Sampai saat ini Angka Kematian Ibu (AKI) di Indonesia masih tinggi. Salah satu faktor yang mempengaruhi karena tingginya kejadian anemia pada ibu hamil. Ibu harus mengetahui hal ini agar memiliki sikap yang positif terhadap anjuran minum tablet tambah darah sehingga diwujudkan dalam tindakan minum tabket tambah darah.
Tujuan penelitian ini adalah untuk mengetahui hubungan pengetahuan dan sikap ibu hamil tentang anemia dengan perilaku minum tablet tambah darah (TTD) di Wilayah Kerja Puskesmas Balowerti Kota Kediri.
Jenis penelitian yang digunakan adalah survei analitik dengan rancangan cross sectional. Data pengetahuan dikumpulkan dengan kuesioner, sikap dengan kuesioner Skala Likert dan perilaku dengan cheklist. Responden adalah ibu hamil di wilayah kerja Puskesmas Balowerti Kota Kediri. Variabel dideskripsikan dalam distribusi frekuensi untuk data kategorial dan mean untuk data kontinu. Korelasi Spearman digunakan untuk mengetahui hubungan pengetahuan ibu hamil tentang anemia dengan perilaku minum tablet tambah darah (TTD) dan hubungan sikap ibu hamil tentang anemia dengan perilaku minum tablet tambah darah (TTD).
Setelah data dianalisis, dari 122 ibu hamil didapatkan perilaku minum tablet tambah darah berhubungan secara bermakna dengan pengetahuan (p = 0,000 < 0,05), cukup kuat dan positif (correlaton coefficient 0,65) dan sikap (p = 0,000 < 0,05), cukup kuat dan positif (correlaton coefficient 0,65) serta pengetahuan dan sikap (p = 0,000 < 0,05), cukup kuat dan positif (correlaton coefficient 0,71). Penyebab ada hubungan karena pengetahuan dan sikap menjadi pertimbangan dalam menentukan tindakan minum tablet tambah darah.

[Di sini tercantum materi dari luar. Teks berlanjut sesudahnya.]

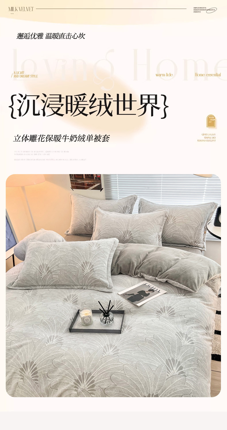商品名称:2024新款A类高克重立体浮雕牛奶绒加厚保暖系列-被套 清雅灰
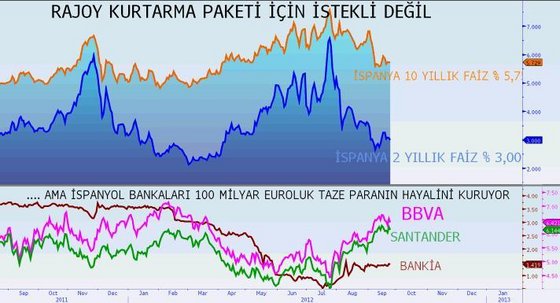 İspanya borçlanma faizlerinde görülen iyileşme piyasanın ECB’nin 2. piyasadan tahvil alacağı açıklaması ve İspanya’nın bir yardım paketi başvurusunda bulunacağı varsayımı ile gerçekleşti. Yani kimse İspanya’ya sıfırdan avans vermedi.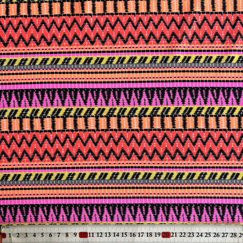 Multicoloured Pink Orange & Yellow Zig Zag and Stripe Graphic Lycra Fabric - 1m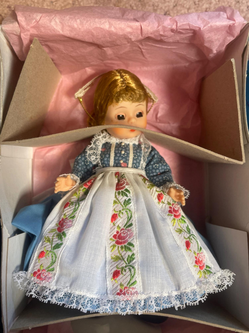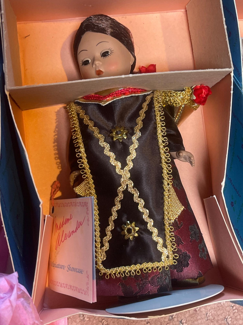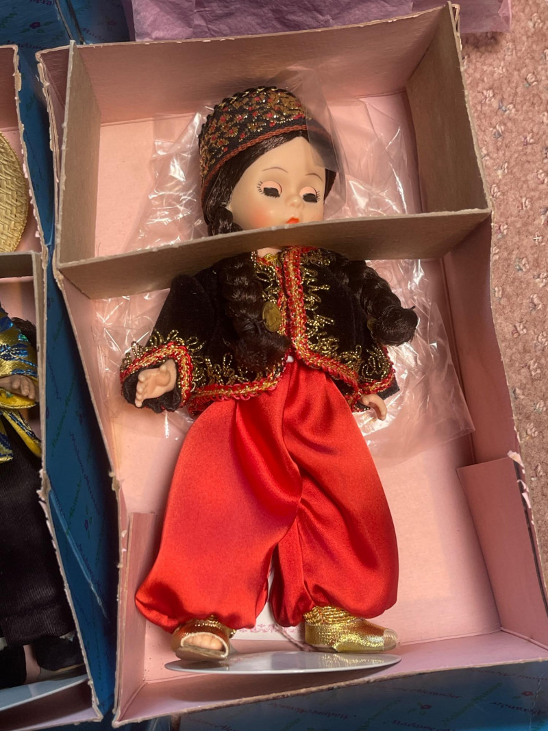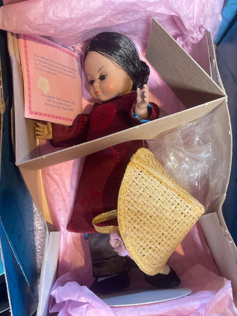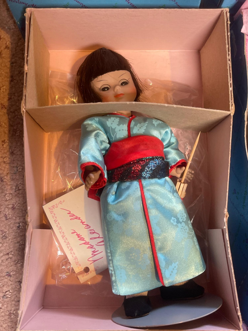Collection of Madame Alexander International Dolls w/ Box This is a delightful collection of Madame Alexander dolls, each approximately 7 inches tall and presented in its original box. The collection represents a variety of nationalities and cultures, including dolls from Japan, China, Algeria, Netherlands, Scotland, and more! These charming dolls are a wonderful representation of Madame Alexander's attention to detail and cultural diversity. A great opportunity for collectors of Madame Alexander or international dolls.

Kesimpulan, pengetahuan dan sikap diperlukan untuk meningkatkan keteraturan minum tablet tambah darah. Peneliti menganjurkan pengelola program KIA di puskesmas membuat kesepakatan lintas program dan sektor terkait di tingkat kecamatan dan desa perlunya konsumsi tablet tambah darah dan Dinas kesehatan membuat pedoman teknis bagi petugas puskesmas.
Kata Kunci : pengetahuan, sikap, perilaku, tablet tambah darah

ABSTRACT

Kundiah Mardiani, S 540 209 111. Relationship Knowledge and Attitudes of Pregnant Women with Anemia Tablet Add Blood Drinking Behavior. Thesis: Study of Family Healthcare, Postgraduate Program, Sebelas Maret University
Until now, Maternal Mortality Rate (MMR) in Indonesia is still high. One factor influencing the high incidence of anemia in pregnant women. Mother had to know this in order to have positive attitudes toward drinking iron supplementation recommendations embodied in the act of drinking so tabket additional blood.

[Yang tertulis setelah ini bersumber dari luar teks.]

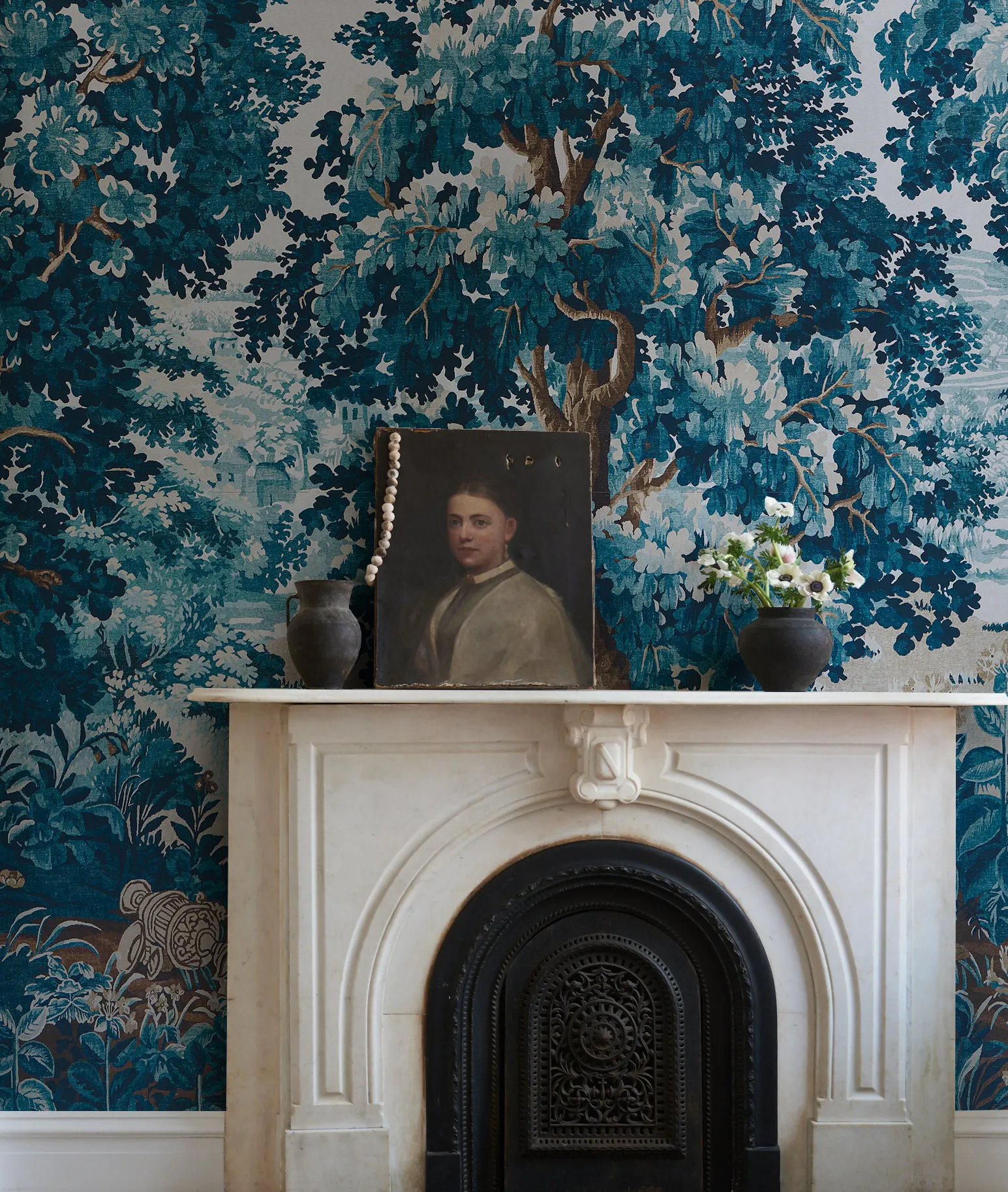 Crafted with over 800 hours of meticulous work, this monumental three-panel wallpaper stretches 16 feet tall, offering a breathtaking focal point in any room. With its historically accurate design and rich, antique patinated finish, La Fôret delivers both a timeless, romantic aesthetic and a bold, playful flair.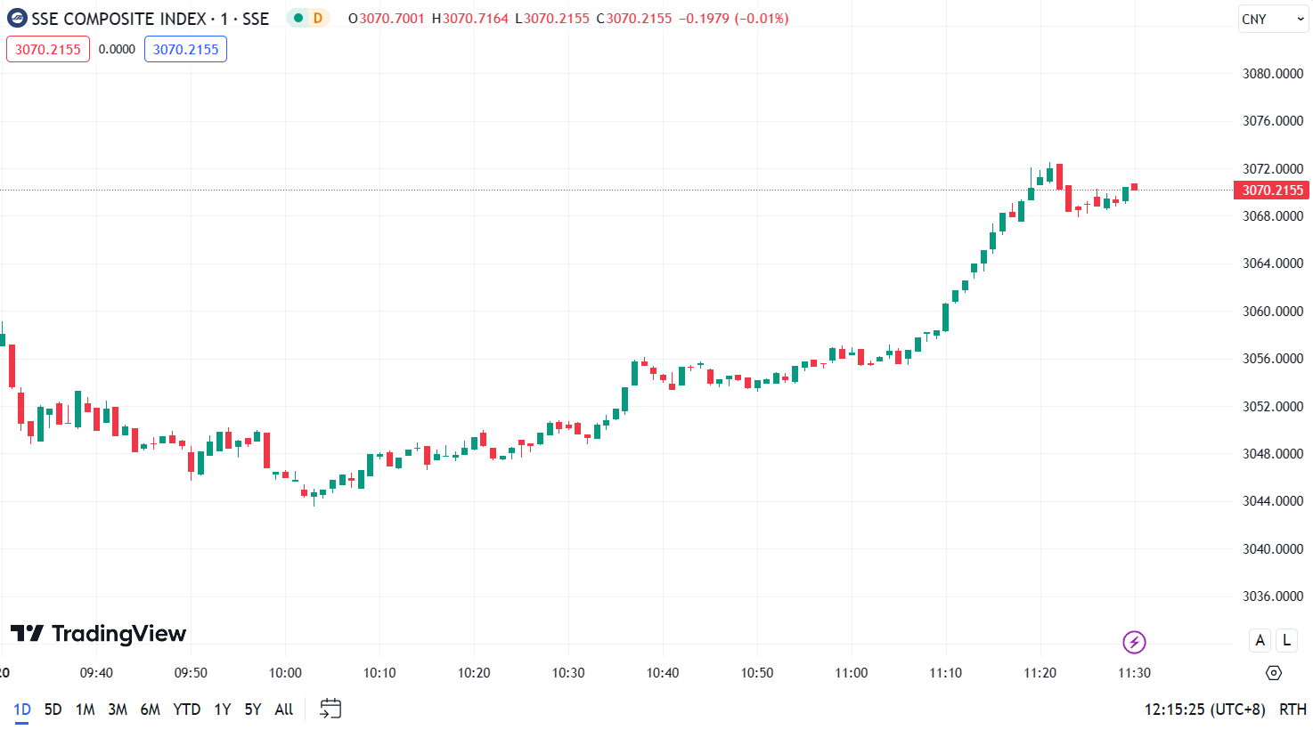 - Shanghai Composite Index (SHCOMP) increased by 0.52%, closing at 3,070.22 points.

The aims of the research was to determine the correlation between knowledge and attitude of pregnant women about drinking behavior of anemia with iron supplementation in Working Area Health Center Balowerti Kediri. Type of survey research was a cross sectional analytic. Data were collected through a questionnaire of knowledge, attitude and behavior questionnaire with Likert Scale cheklist. Respondents were pregnant women in the working area PHC Balowerti Kediri. Variables are described in the frequency distribution for categorical data and mean for continuous data. Spearman correlation used to determine the correlation between knowledge of pregnant women about drinking behavior of anemia with iron supplementation and related attitudes of pregnant women about drinking behavior of anemia with iron supplementation.

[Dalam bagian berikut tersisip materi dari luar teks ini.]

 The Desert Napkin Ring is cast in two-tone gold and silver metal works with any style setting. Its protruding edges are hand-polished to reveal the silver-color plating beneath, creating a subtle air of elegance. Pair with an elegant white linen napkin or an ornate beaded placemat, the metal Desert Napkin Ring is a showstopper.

After the data were analyzed, obtained from 122 pregnant women drinking behavior of iron supplementation was significantly associated with knowledge (p = 0.000 <0.05), quite strong and positive (coefficient correlaton 0.65) and attitude (p = 0.000 <0.05), quite strong and positive (coefficient correlaton 0.65) and attitude and knowledge (p = 0.000 <0.05), quite strong and positive (coefficient correlaton 0.71). Cause there was a relationship because of their knowledge and attitudes into consideration in determining the action taking iron supplementation.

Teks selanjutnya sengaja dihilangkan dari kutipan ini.